__EXERCISE OBJECTIVE__: Restate exactly the lines that run from the start of the records below to the line containing "Figure 2 Examples", counting both ends, and nothing else; pictures stay out.

__EXTRACTED ENTRIES__:
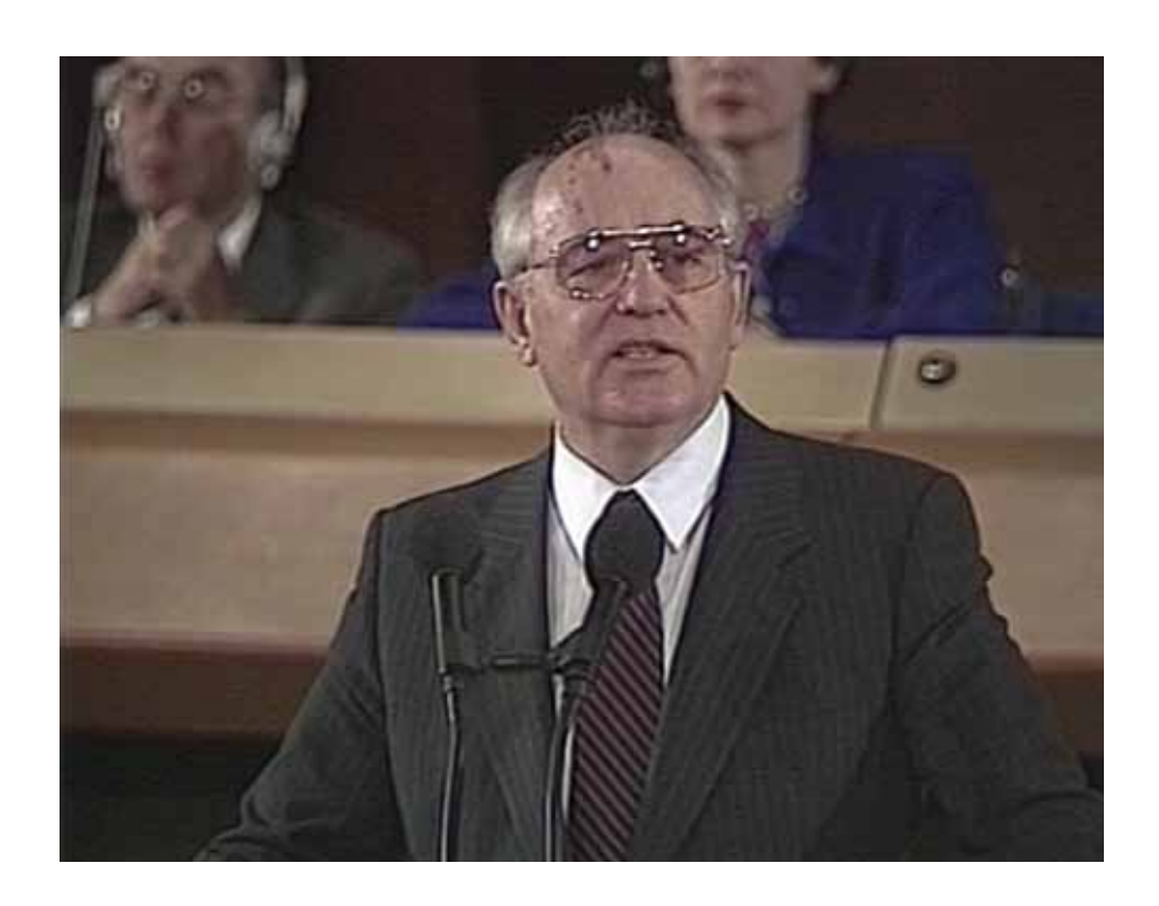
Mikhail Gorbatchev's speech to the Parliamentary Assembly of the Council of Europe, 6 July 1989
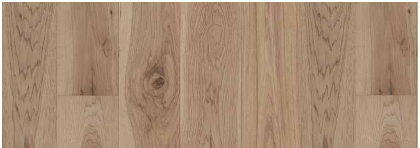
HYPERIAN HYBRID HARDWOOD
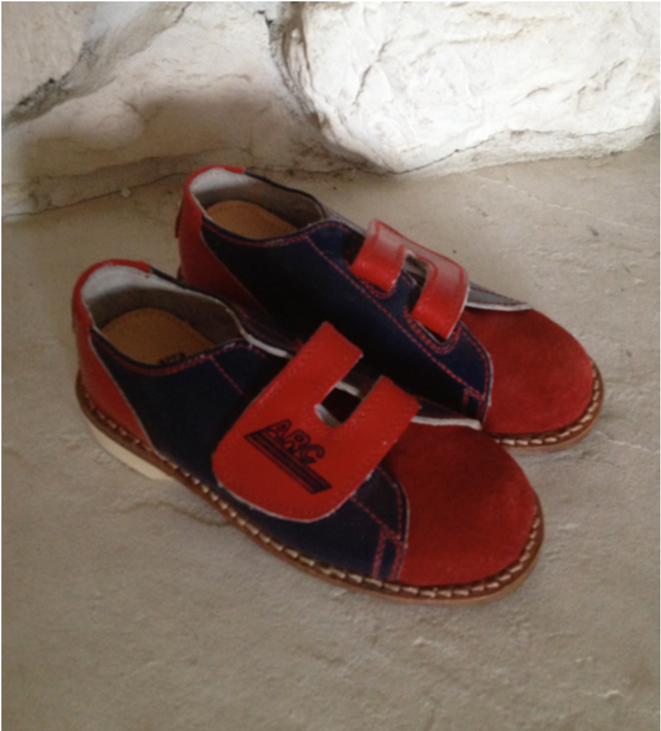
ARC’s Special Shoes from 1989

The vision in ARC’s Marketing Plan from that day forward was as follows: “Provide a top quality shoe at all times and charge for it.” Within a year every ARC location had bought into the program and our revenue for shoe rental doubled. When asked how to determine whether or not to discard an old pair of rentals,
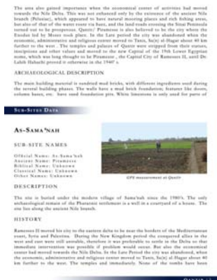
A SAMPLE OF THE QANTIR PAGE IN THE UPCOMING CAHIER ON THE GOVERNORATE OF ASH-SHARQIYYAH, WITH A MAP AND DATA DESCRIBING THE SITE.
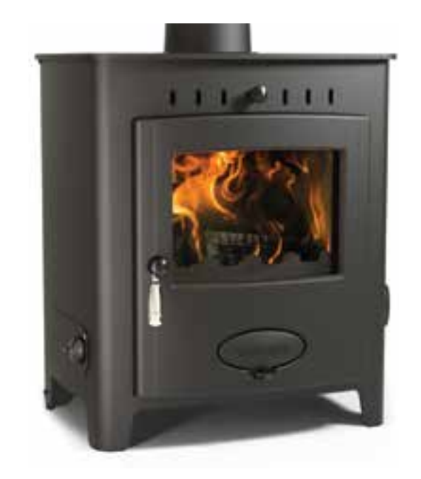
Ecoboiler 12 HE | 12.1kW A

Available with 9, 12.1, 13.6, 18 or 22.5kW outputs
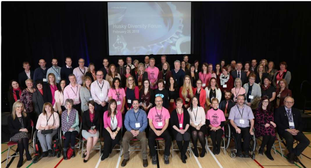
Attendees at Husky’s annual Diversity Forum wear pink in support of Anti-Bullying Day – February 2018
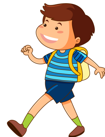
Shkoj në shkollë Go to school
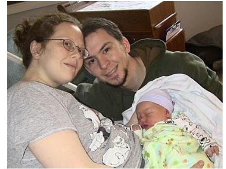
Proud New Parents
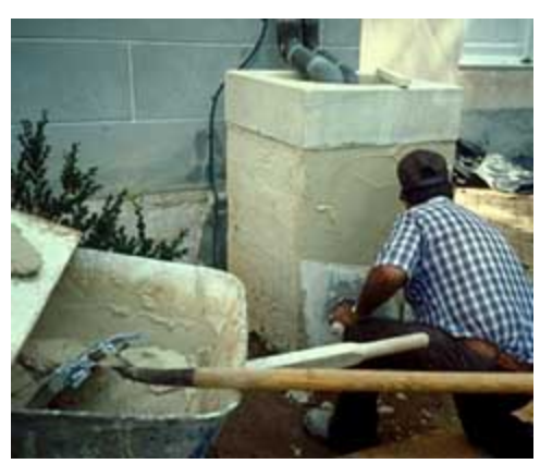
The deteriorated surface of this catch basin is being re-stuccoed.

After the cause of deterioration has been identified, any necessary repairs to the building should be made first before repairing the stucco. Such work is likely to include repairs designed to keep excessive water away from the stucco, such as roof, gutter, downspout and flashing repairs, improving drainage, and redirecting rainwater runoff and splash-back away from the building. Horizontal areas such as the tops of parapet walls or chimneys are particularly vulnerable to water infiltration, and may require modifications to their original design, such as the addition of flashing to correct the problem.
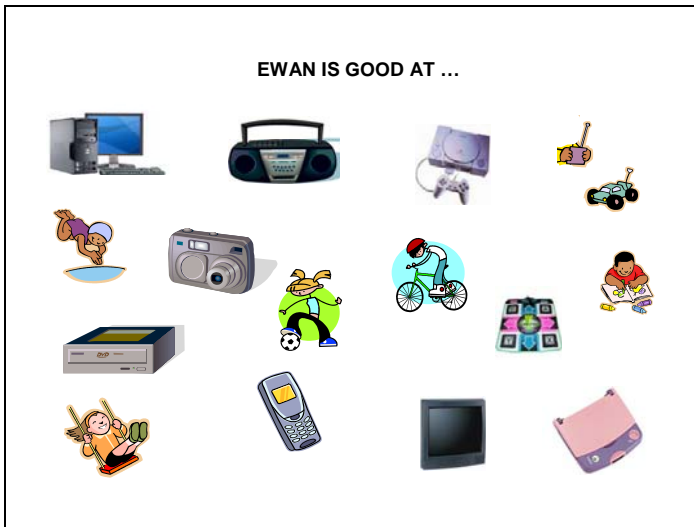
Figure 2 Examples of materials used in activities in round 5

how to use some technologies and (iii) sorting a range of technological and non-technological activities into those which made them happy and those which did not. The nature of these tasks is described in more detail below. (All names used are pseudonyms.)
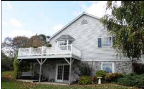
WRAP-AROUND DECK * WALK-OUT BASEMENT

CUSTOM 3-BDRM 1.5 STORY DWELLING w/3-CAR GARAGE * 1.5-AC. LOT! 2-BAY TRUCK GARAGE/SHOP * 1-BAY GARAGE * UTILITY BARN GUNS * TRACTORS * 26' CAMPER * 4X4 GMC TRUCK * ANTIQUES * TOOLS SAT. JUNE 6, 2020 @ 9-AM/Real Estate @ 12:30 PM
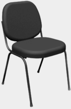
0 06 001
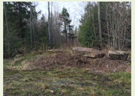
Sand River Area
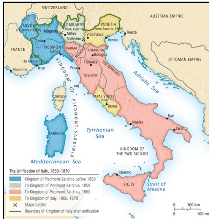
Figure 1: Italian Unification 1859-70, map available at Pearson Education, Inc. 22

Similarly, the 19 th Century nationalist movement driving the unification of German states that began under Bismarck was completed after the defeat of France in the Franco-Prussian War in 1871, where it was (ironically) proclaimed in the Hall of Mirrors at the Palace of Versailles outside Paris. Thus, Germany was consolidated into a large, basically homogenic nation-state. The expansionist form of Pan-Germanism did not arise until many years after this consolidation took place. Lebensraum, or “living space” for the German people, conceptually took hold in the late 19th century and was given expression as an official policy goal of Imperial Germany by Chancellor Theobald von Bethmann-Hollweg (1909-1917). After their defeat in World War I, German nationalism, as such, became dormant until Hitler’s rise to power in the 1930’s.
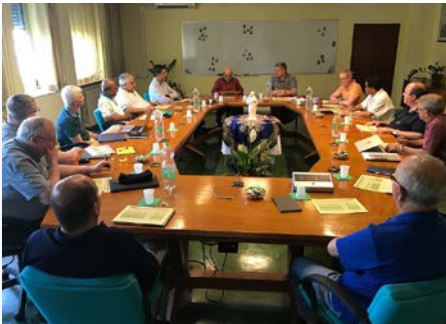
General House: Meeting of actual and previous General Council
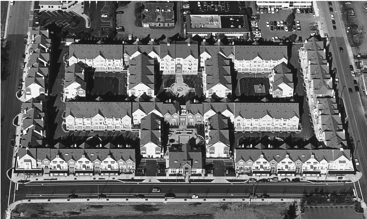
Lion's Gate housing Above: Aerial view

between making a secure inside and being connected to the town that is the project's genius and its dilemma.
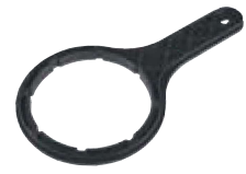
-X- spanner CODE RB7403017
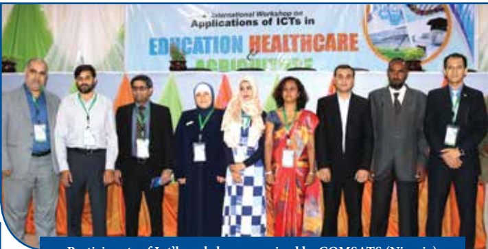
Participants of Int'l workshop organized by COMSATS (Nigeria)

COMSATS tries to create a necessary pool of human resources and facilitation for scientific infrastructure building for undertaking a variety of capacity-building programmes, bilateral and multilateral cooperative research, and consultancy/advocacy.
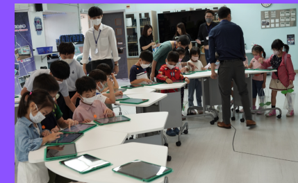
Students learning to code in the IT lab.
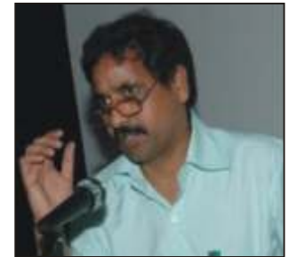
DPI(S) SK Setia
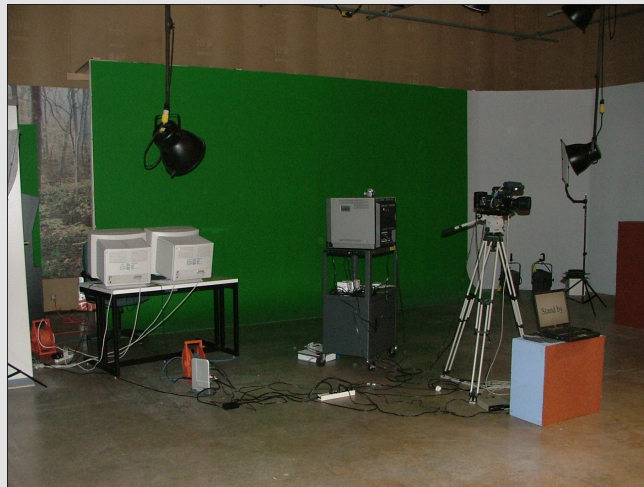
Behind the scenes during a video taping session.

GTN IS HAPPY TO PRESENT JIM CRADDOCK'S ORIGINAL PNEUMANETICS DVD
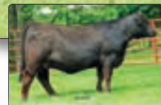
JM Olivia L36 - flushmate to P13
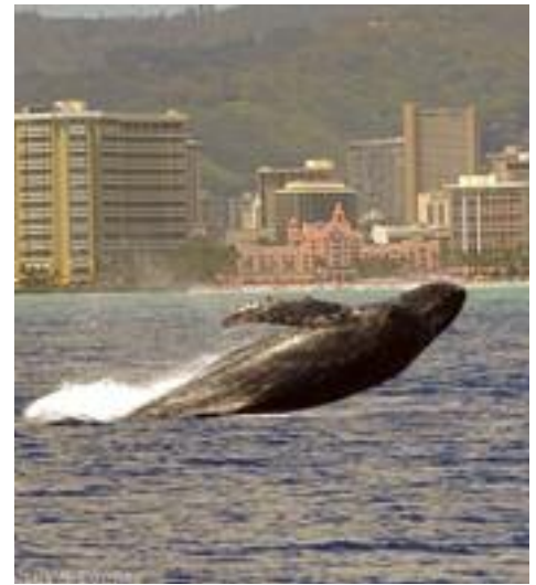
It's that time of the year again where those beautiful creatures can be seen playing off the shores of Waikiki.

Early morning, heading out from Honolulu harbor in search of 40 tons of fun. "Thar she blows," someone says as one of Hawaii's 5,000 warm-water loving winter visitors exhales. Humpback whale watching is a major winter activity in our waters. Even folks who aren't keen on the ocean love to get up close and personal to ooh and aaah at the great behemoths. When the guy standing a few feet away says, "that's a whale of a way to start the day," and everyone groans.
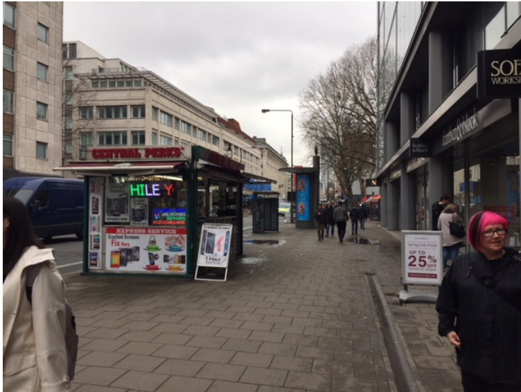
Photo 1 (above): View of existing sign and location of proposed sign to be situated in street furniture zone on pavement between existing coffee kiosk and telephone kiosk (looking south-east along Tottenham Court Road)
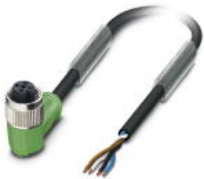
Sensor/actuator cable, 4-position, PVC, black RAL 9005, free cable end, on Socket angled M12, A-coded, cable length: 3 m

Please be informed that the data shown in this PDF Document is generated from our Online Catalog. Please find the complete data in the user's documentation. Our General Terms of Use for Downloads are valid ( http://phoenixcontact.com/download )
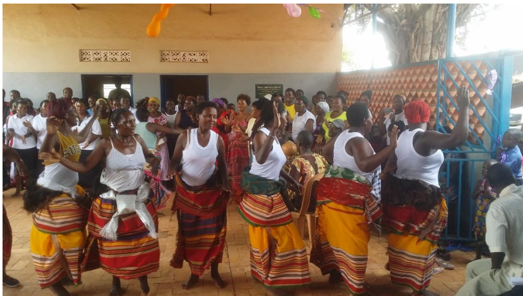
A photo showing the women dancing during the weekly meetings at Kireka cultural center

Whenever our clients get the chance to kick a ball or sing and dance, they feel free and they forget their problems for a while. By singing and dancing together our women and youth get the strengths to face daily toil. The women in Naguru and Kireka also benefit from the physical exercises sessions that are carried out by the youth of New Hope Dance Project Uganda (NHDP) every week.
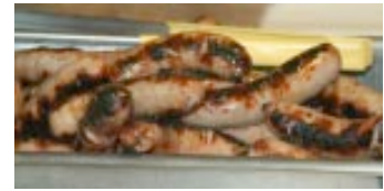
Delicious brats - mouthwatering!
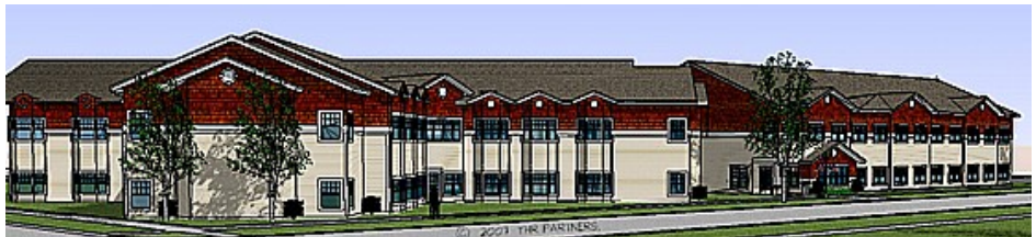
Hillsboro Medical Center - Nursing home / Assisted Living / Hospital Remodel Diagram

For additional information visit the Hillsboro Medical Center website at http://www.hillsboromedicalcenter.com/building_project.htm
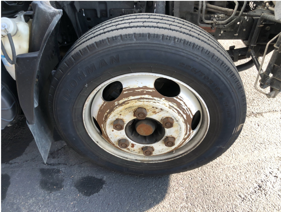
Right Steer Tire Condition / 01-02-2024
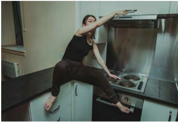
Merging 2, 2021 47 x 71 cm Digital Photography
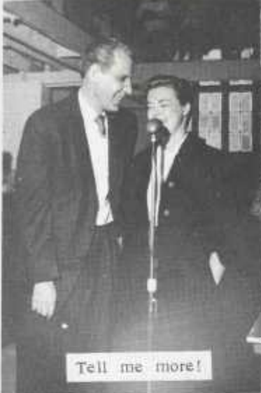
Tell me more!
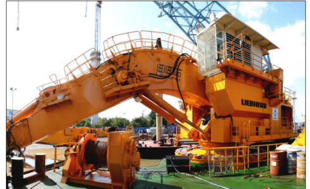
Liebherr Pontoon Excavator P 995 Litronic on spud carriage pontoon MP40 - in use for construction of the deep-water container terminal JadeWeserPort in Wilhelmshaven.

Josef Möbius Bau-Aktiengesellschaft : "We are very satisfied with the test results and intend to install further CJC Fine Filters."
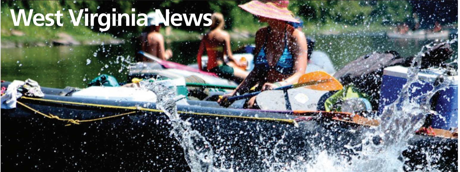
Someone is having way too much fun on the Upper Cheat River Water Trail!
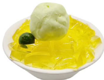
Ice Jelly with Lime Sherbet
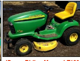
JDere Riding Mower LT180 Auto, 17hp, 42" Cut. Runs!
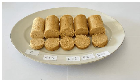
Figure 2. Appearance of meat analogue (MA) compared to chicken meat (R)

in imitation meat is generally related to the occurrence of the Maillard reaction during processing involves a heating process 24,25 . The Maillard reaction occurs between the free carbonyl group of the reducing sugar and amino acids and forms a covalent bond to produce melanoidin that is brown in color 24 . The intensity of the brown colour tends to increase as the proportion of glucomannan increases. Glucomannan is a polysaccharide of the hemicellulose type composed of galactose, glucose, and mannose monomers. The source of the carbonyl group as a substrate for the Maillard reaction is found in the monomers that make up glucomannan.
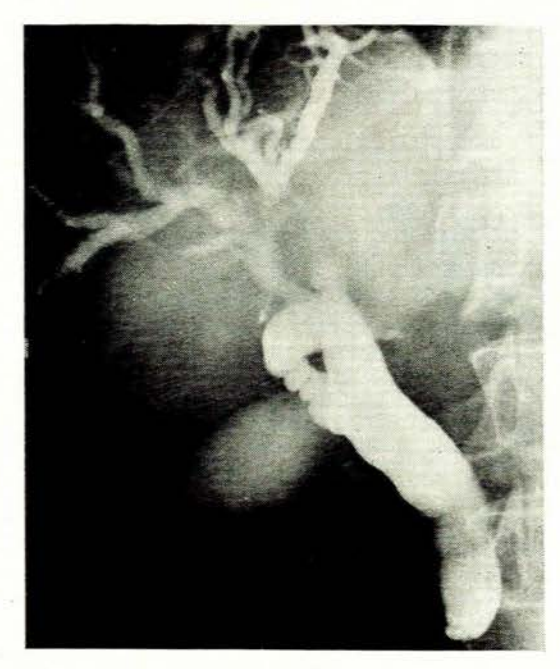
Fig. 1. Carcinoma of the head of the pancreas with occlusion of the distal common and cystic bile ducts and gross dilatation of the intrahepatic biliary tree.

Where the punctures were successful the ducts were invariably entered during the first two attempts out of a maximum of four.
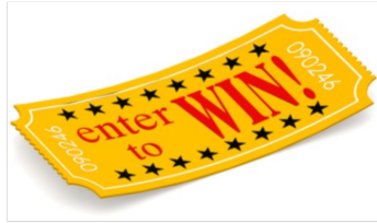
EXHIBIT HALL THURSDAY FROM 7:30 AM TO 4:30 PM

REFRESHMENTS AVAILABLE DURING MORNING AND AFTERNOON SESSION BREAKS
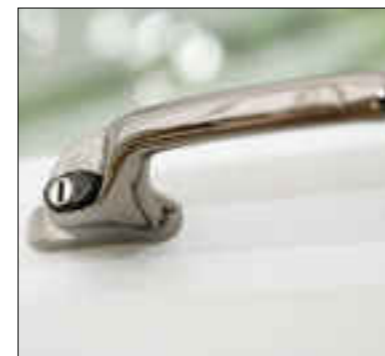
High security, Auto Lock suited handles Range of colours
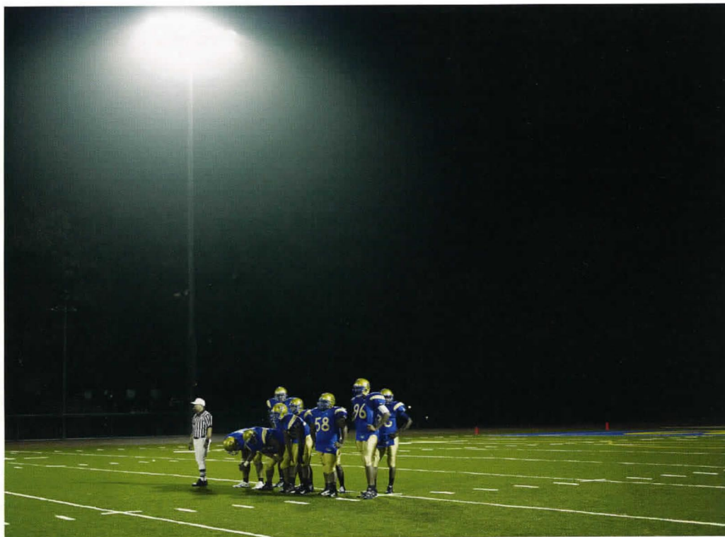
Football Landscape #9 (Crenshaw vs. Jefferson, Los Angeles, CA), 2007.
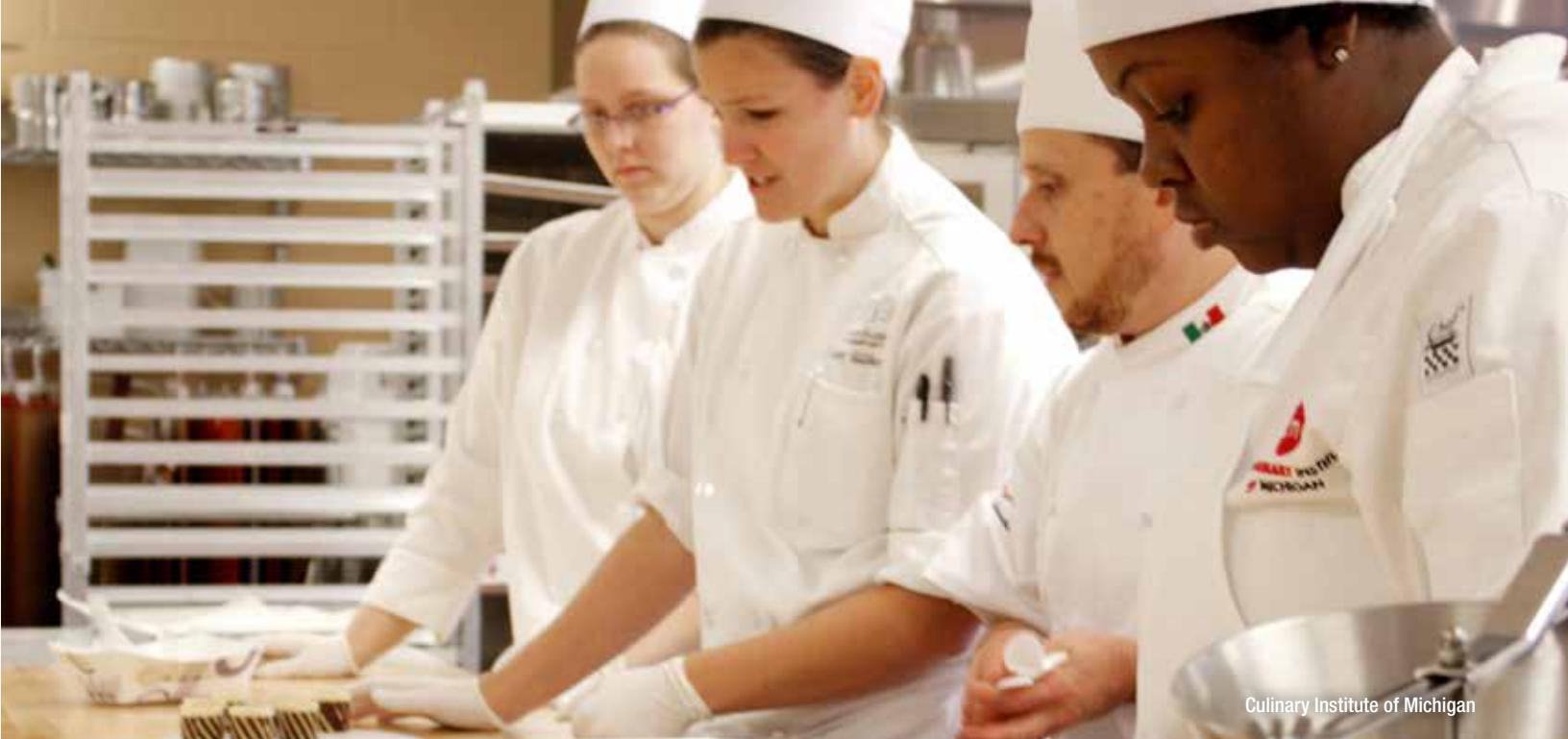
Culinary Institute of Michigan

__ANSWER TO THIS TASK__:
Mikhail Gorbatchev's speech to the Parliamentary Assembly of the Council of Europe, 6 July 1989
HYPERIAN HYBRID HARDWOOD
ARC’s Special Shoes from 1989

The vision in ARC’s Marketing Plan from that day forward was as follows: “Provide a top quality shoe at all times and charge for it.” Within a year every ARC location had bought into the program and our revenue for shoe rental doubled. When asked how to determine whether or not to discard an old pair of rentals,
A SAMPLE OF THE QANTIR PAGE IN THE UPCOMING CAHIER ON THE GOVERNORATE OF ASH-SHARQIYYAH, WITH A MAP AND DATA DESCRIBING THE SITE.
Ecoboiler 12 HE | 12.1kW A

Available with 9, 12.1, 13.6, 18 or 22.5kW outputs
Attendees at Husky’s annual Diversity Forum wear pink in support of Anti-Bullying Day – February 2018
Shkoj në shkollë Go to school
Proud New Parents
The deteriorated surface of this catch basin is being re-stuccoed.

After the cause of deterioration has been identified, any necessary repairs to the building should be made first before repairing the stucco. Such work is likely to include repairs designed to keep excessive water away from the stucco, such as roof, gutter, downspout and flashing repairs, improving drainage, and redirecting rainwater runoff and splash-back away from the building. Horizontal areas such as the tops of parapet walls or chimneys are particularly vulnerable to water infiltration, and may require modifications to their original design, such as the addition of flashing to correct the problem.
Figure 2 Examples of materials used in activities in round 5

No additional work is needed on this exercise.